## [What is needed]
The expected output is the full data, repeated exactly, without pictures.

Data shown START

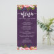 Menús Boda Floral de color de Moda con colores de agua que se pueden editar en el florecimiento. Con el estilo de letra de guión de pincel de moda! ~ Cambie fácilmente el color de fondo de la acuarela, haga clic en "Personalizar" Desplazarse hacia abajo a través del texto y las imágenes hasta que vea el área de color de fondo y seleccione su color personalizado. Asegúrese de hacer clic en el "reverso" y hacer lo mismo.
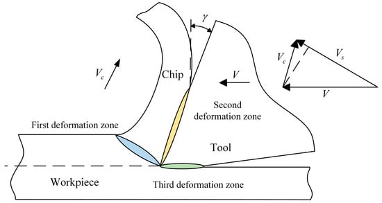 From Figure 1, it can be seen that the metal cutting deformation zone can be divided into the first deformation zone, the second deformation zone, and the third deformation zone. The first deformation zone is the main deformation zone, and its main energy consumption is plastic deformation energy. The second deformation zone occurs in the chip and workpiece contact area, and its main energy consumption is the rake face friction energy. The third deformation zone occurs in the tool and workpiece contact area, and its main energy consumption is the flank face friction energy. Therefore, the energy consumption in the cutting process mainly consists of the following three parts: plastic deformation energy, rake face friction energy, and flank face friction energy. Energy consumption is an integral of power over time.
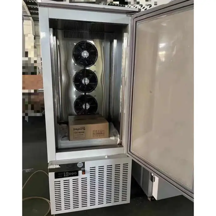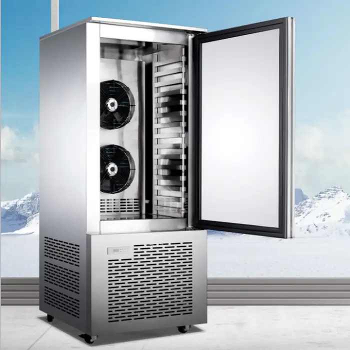 The IQF 10 Trays Shock Freezer has a capacity of 10 trays, allowing you to freeze a significant amount of seafood, meat, and other food products at once.

Data shown END

## [Answer section]
 Menús Boda Floral de color de Moda con colores de agua que se pueden editar en el florecimiento. Con el estilo de letra de guión de pincel de moda! ~ Cambie fácilmente el color de fondo de la acuarela, haga clic en "Personalizar" Desplazarse hacia abajo a través del texto y las imágenes hasta que vea el área de color de fondo y seleccione su color personalizado. Asegúrese de hacer clic en el "reverso" y hacer lo mismo.
 From Figure 1, it can be seen that the metal cutting deformation zone can be divided into the first deformation zone, the second deformation zone, and the third deformation zone. The first deformation zone is the main deformation zone, and its main energy consumption is plastic deformation energy. The second deformation zone occurs in the chip and workpiece contact area, and its main energy consumption is the rake face friction energy. The third deformation zone occurs in the tool and workpiece contact area, and its main energy consumption is the flank face friction energy. Therefore, the energy consumption in the cutting process mainly consists of the following three parts: plastic deformation energy, rake face friction energy, and flank face friction energy. Energy consumption is an integral of power over time.
 The IQF 10 Trays Shock Freezer has a capacity of 10 trays, allowing you to freeze a significant amount of seafood, meat, and other food products at once.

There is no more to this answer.